The story incorrectly listed the parties involved in a September order
outlining terms for removing 3 million tons of waste at the site and a
settlement reached in July. The parties involved in the September order
were ArcelorMittal and the Indiana Department of Environmental Management.
The corrective incorrectly stated that IDEM ordered ArcelorMittal to build
a landfill to dispose of the waste. Agency spokesman Barry Sneed says IDEM
ordered ArcelorMittal to properly dispose of the waste but that the
decision to build a landfill was made by the mill owner.
A corrected version of the story is below:
BURNS HARBOR, Ind. (AP) — A settlement that requires
one of the nation's largest steel mills to test soil for toxins after
cleaning up more than 3 million tons of waste is being hailed as a victory
by environmentalists, but they say the two-year fight that led to the deal
illustrates deep problems within Indiana's environmental agency.
State environmental regulators, steel mill owner
ArcelorMittal and an environmental group reached a settlement in late July
that will require the mill to test the soil after removing slag and other
waste that piled up in lakeside heaps over two decades along Lake
Michigan.
Many environmentalists say the waste piles are a
glaring example of how Indiana's elected leaders view environmental
regulations as obstacles to business.
They criticize the Indiana Department of
Environmental Management's enforcement wing and a "streamlined" permitting
process they say allows polluters to avoid more stringent reviews.
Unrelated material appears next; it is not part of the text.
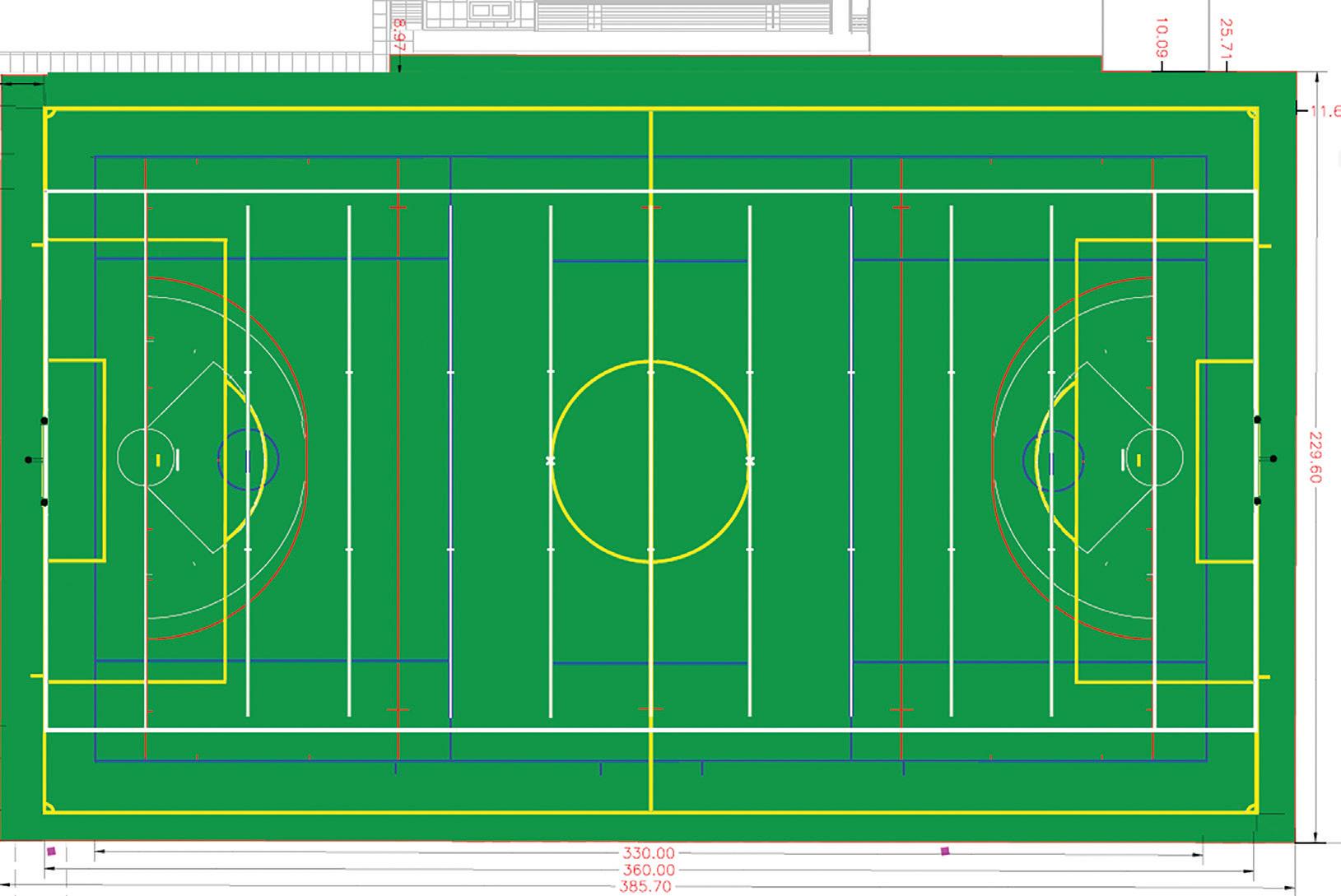 The Founders Field, currently a regular grass field, will be transformed into a larger turf field lined with every sports lines, rather than just one soccer line Turf field layout, sports indicated by color: Football: white

They've also questioned the appointments of key
agency officials. Thomas Easterly, who was appointed by Gov. Mitch Daniels
to lead IDEM in 2005, previously worked for Bethlehem Steel,
ArcelorMittal's previous owners. A former coal industry lobbyist and
attorney was appointed in 2009 to oversee IDEM's legal department.
Easterly and Daniels "lobotomized that agency," said
Larry Davis, an ArcelorMittal electrical worker who has worked at the
Burns Harbor plant for 34 years. He is a former member of a number of
environmental groups and has tried to push the plant to find ways to
recycle its waste, rather than dump it.
Valparaiso attorney Kim Ferraro, who represents the
Hoosier Environmental Council and Save the Dunes, said much of the
ArcelorMittal waste was dumped during Easterly's tenure — some of it
illegally.
"To have the person in charge of a state agency
regulating industry with that kind of history -- that should raise a cause
for concern," she told The Indianapolis Star (http://indy.st/OoYTT7
).
IDEM spokeswoman Amy Hartsock said the dump site
dates from the 1980s, well before Easterly joined Bethlehem Steel in 1994.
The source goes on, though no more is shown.